Exactly the lines from the first line of the records to the line holding "Meine Lesezeichen sind" should be duplicated, and nothing more; pictures stay out.

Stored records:
##########

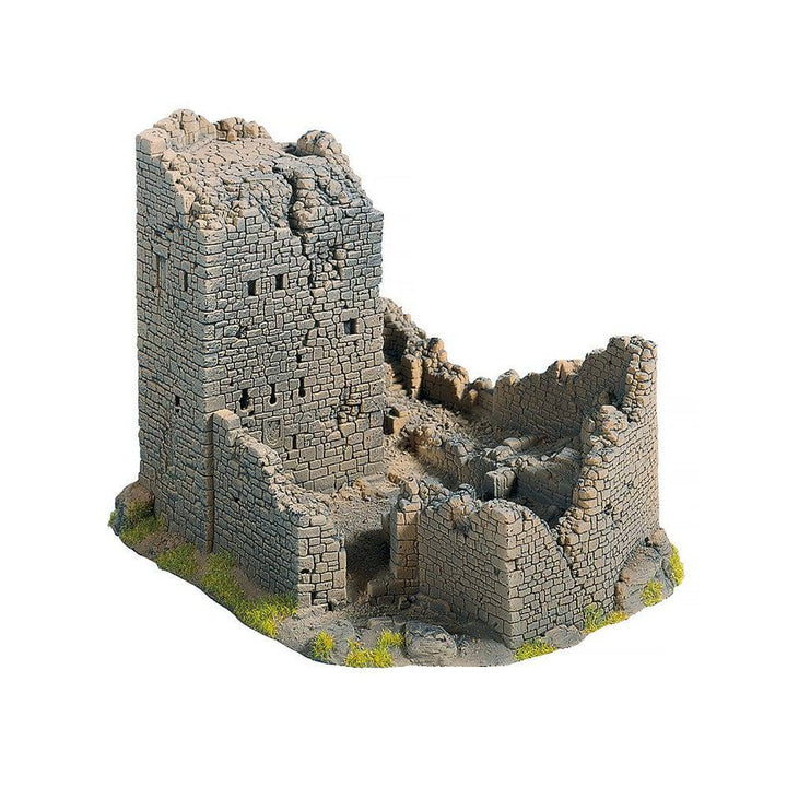 A mighty, historic castle tower, crumbling fortifications and a complete bailey are located on a floor space of just 18 cm x 14 cm.
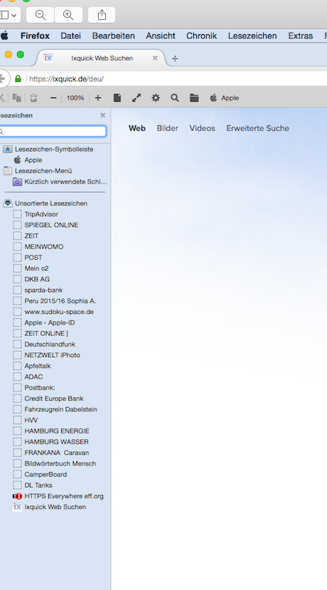 Meine Lesezeichen sind in der Sidebar zu sehen. Wenn ich eine Adresse aufrufe erscheint die Seite nur in der Breite der Sidebar und nicht auf gesamten Screen.
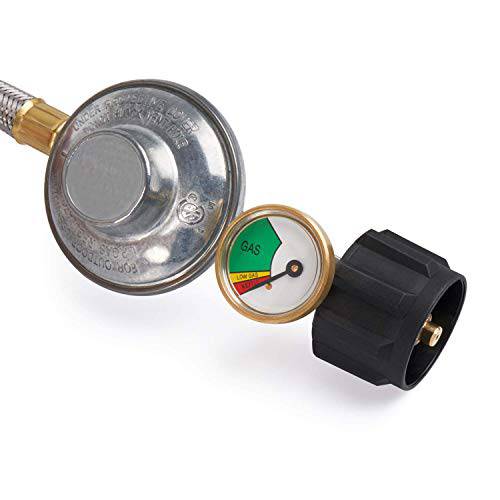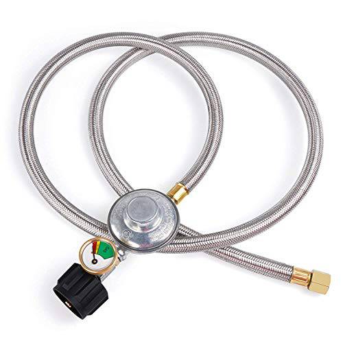 Details: This is upgraded 5ft gas grill regulator hose with propane tank gauge. Do not need to buy extra gas meter, saving your money. 1. Please check to see if the propane tank has the standard propane valve fitting QCC1/Type1, like a Propane Smoker, Gas Grill, Heater, Fire Pit and Generator. Then see device if the other end is a 3/8inch Male Flare Fitting. 2. The output pressure of the regulator is set to 11 inches water column which equates to approximately. 3. Low pressure means the high pressure in your propane tank will be reduced and regulated to the correct pressure for your burners to work as designed. 4. Great for BBQ, camping, tailgating, heating needs or having an outdoor cookout. 5. Our propane regulator with hose has excess flow protection for your safety and will automatically shut off. Attention: 1.Warning!!! For your safety ALL propane appliances like gas grills, heaters and stoves are OUTDOOR Use. 2.FULLY TIGHTENED at both propane tank side and grill side before using on your propane appliances to prevent leakage. 3.To check and make sure the hose is away from the OPEN FIRE before installing to your appliances. 4.Keeping the hose away from HIGH TEMPERATURE. Product Specification: Certificate : CSA Outlet Pressure:11’’W.C. Flow Capacity: 80000 BTU/Hr Length: 5 feet /60 inch(length of rubber hose only) Please double check your appliance connection if is 3/8’’ Male Flare Fitting Connector.
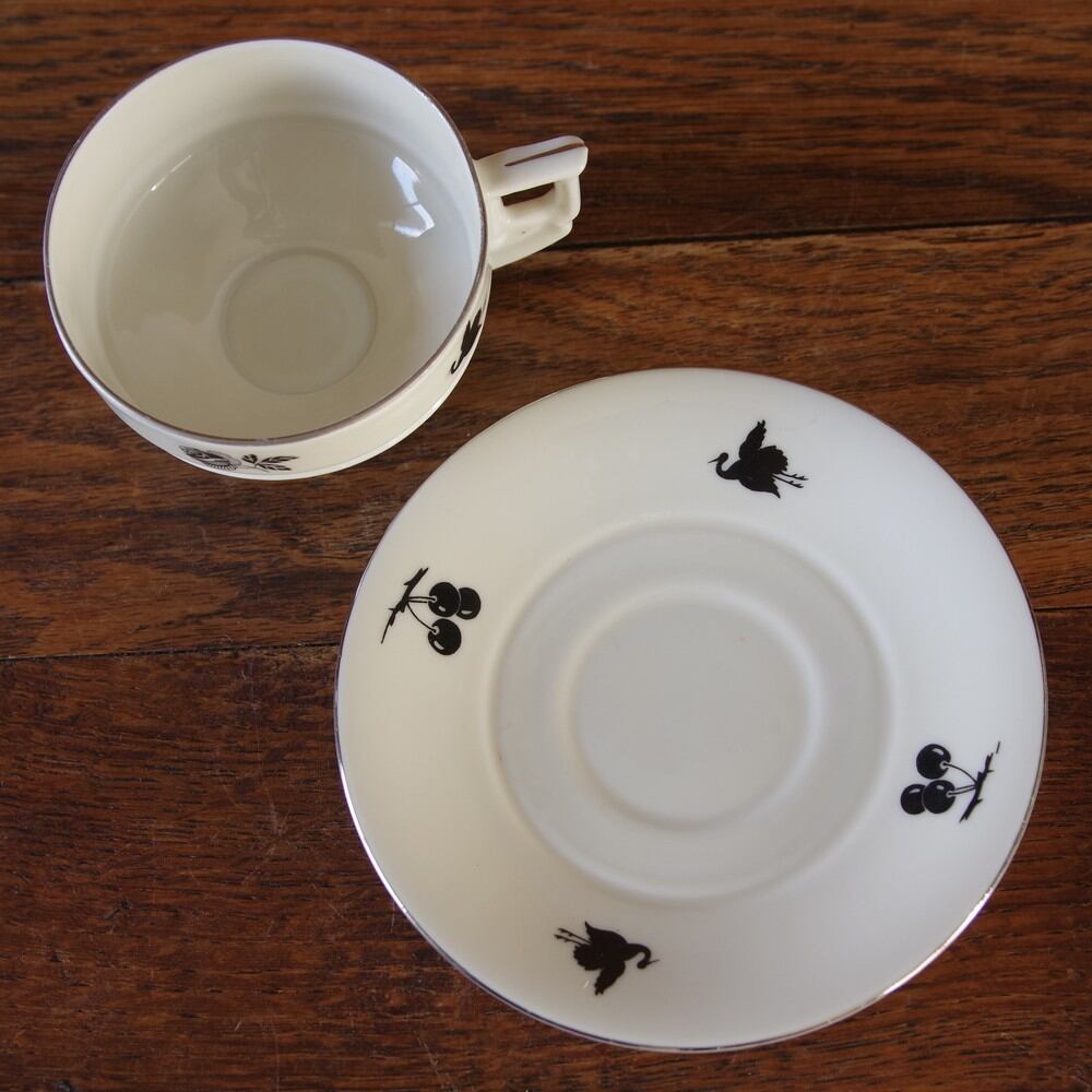 アンティーク食器 チェコスロバキア製 Epiag エピアグ アナベラ デミタスカップ ソーサー #190122-1 ミニサイズ シルエット 動物 花柄 ばら Annabella ヴィンテージ
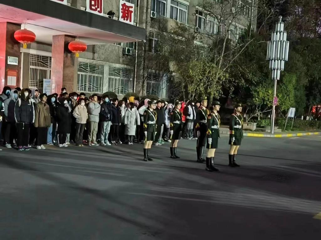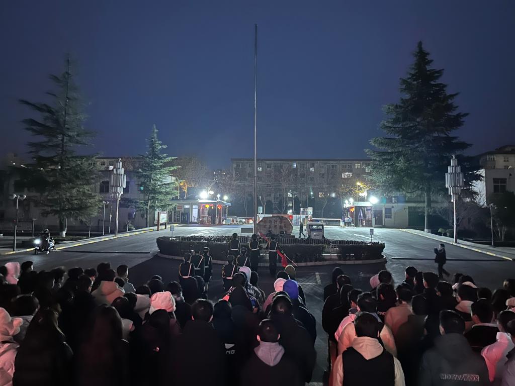 旗手们迈着坚定的步伐护卫着五星红旗入场,伴随着庄严的《义勇军进行曲》,全体成员行注目礼,奏唱国歌,五星红旗冉冉升起。
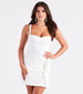 Everyone will be calling you sweet in this short A-line dress as the bride-to-be or graduate! It features a sleeveless sweetheart neck. tank shoulder straps. a ruched bust seam. a flattering A-line silhouette. asymmetrical front ruffle trim. and a short-length hem. Complete the look with earrings and block heels.
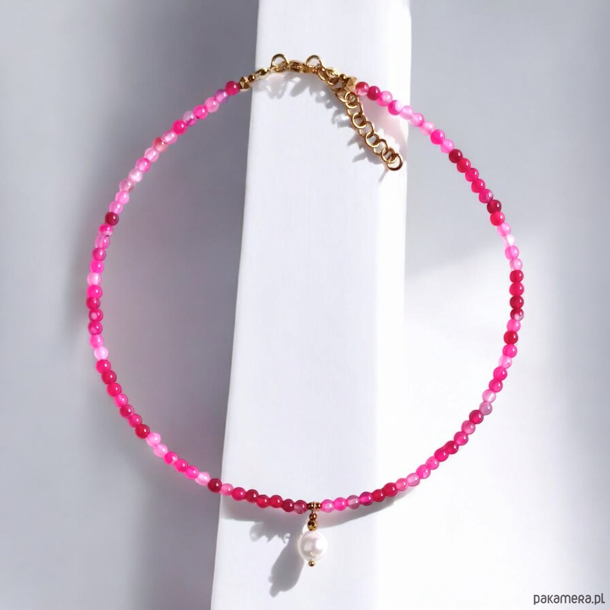 Naszyjnik : choker : fuchsia & pearl collection : agat i perła
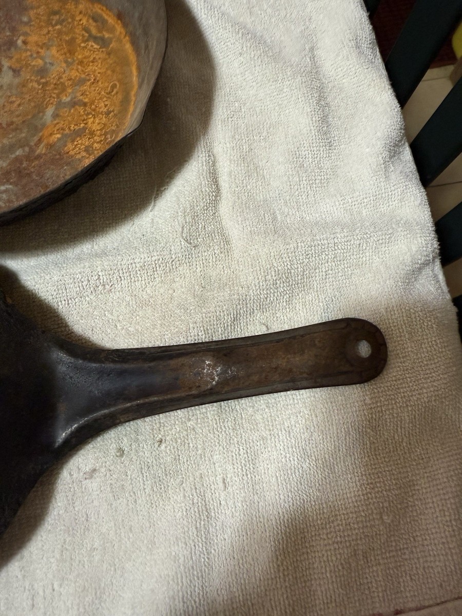 - 2/Antique Cold Handle Style Cowboy Camping Skillets 1/DeLuxe 1/Unmarked
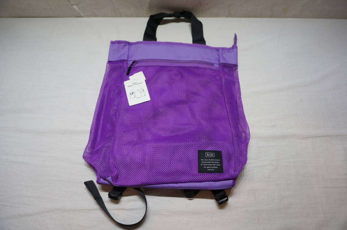 ●【L24A】kiu 2WAY メッシュ バックパック/トートバッグ インナーバッグ付属 パープル 定価5000円 タグ付き 未使用保管品
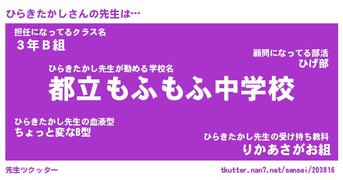 | 肩書あだ名 | 『ひらきたかし店長』『ひらきたかし担任』 |

##########

--- WRITTEN REPLY ---
 A mighty, historic castle tower, crumbling fortifications and a complete bailey are located on a floor space of just 18 cm x 14 cm.
 Meine Lesezeichen sind in der Sidebar zu sehen. Wenn ich eine Adresse aufrufe erscheint die Seite nur in der Breite der Sidebar und nicht auf gesamten Screen.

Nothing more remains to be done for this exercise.